In the masive MIMO antenna 100, the calibration network 133, the filter 135 and the rf connector 137 are integrated on the PCB 131, so that the calibration module 130 has both signal calibration and filtering functions. Thus, the massize MIMO antenna 100 does not require external filters during use. Moreover, the calibration network 133, the filter 135 and the rf connector 137 are integrated through the PCB 131, so that the structure of the calibration module 130 is more compact. Therefore, the size of the masive MIMO antenna is more reduced, so that the communication base station is reduced in size. In addition, since the filter 135 and the calibration network 133 are designed integrally, the matching performance of the electrical parameters of the two cascade components can be considered sufficiently in the design. Thus, the electrical parameter matching performance can be optimized as much as possible, thereby achieving an optimal interconnect design for filter 135 performance and antenna performance.

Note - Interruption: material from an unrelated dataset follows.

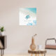 Cette pépinière tropicale murale a été conçue en utilisant ma tortue marine peinte à la main en bleu, turquoise et vert. Il est parfait pour votre bébé garçon à thème tropical pépinière ou chambre à coucher. Mon design comporte une citation inspirante Adventure Awaits Little One ensemble dans la typographie manuscrite tendance style script. Personnalisez-le avec le nom de votre bébé ou les mots de votre choix. Commande encadrée ou non encadrée. Oeuvre créée par Victoria Grigaliunas. Pour en savoir plus sur l'art mural en pépinière, visitez www.zazzle.com/vginvites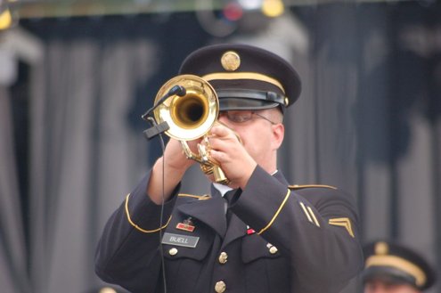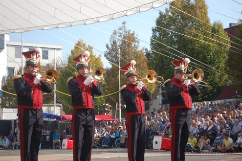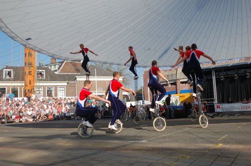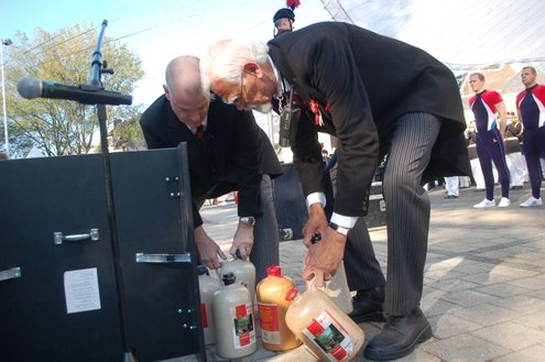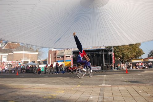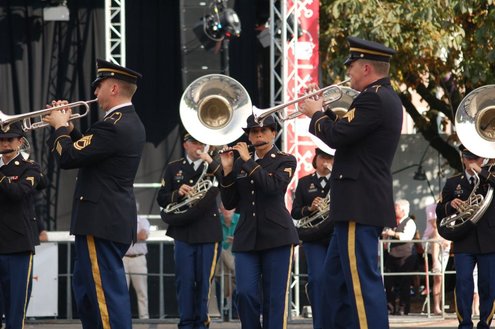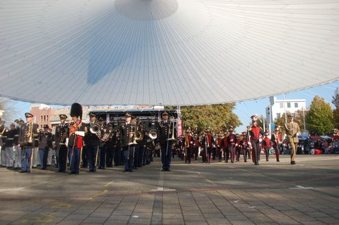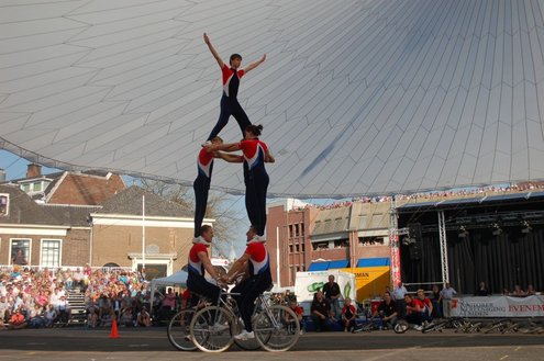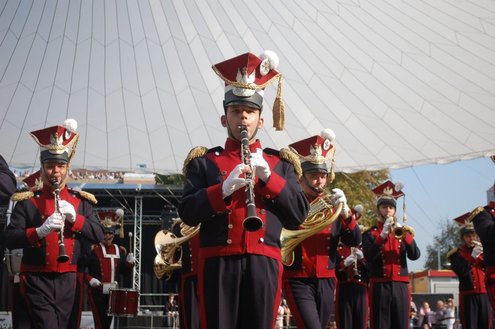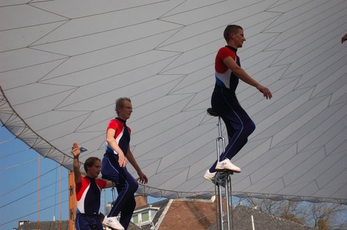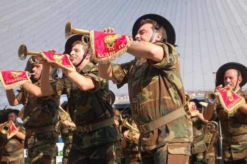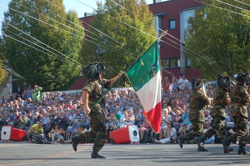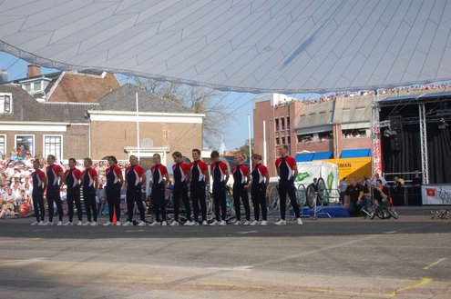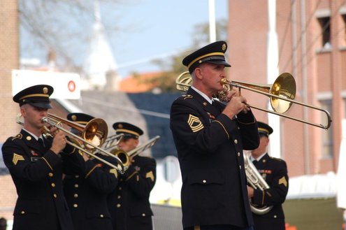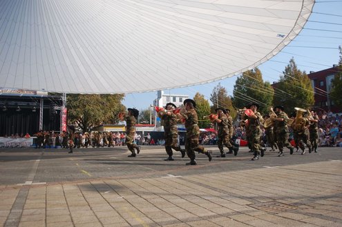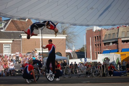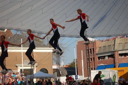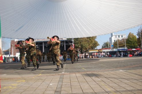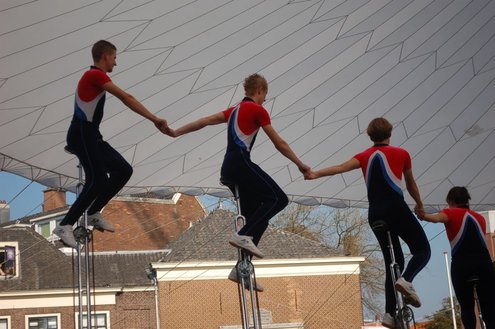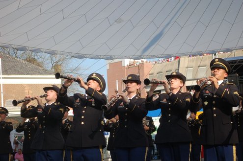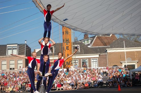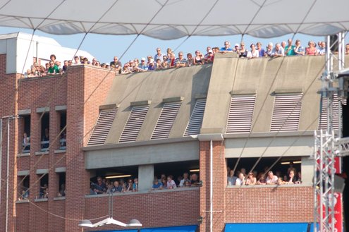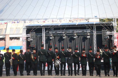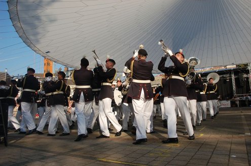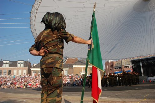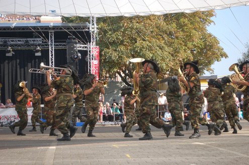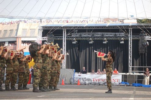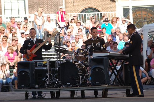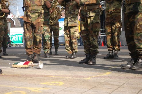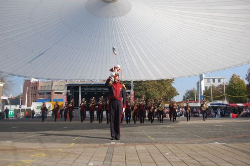 Afgelopen middag vond een groots pleintaptoe plaats op de Garenmarkt, genaamd de ‘Day of the bands’. Binnen- en buitenlandse bands maakten hun opwachting om het daarna vanavond nog even dunnetjes over te doen bij de ‘Night of the bands’ in de Hooglandse Kerk, waar ze één groot orkest vormden. Naast de Leidse K&G, waren er muziekgroepen uit Italië, Polen, Wit-Rusland, Amerika en Engeland te zien en te horen. Een fantastisch spektakel, dat zowel vanaf het plein als vanaf de daken van omringende gebouwen gevolgd werd. (Foto’s: Emile van Aelst)

The technical features of the embodiments described above may be arbitrarily combined, and for the sake of brevity, all possible combinations of the technical features in the embodiments described above are not described, but should be considered as being within the scope of the present specification as long as there is no contradiction between the combinations of the technical features.
The above-mentioned embodiments only express several embodiments of the present invention, and the description thereof is more specific and detailed, but not construed as limiting the scope of the invention. It should be noted that, for a person skilled in the art, several variations and modifications can be made without departing from the inventive concept, which falls within the scope of the present invention. Therefore, the protection scope of the present patent shall be subject to the appended claims.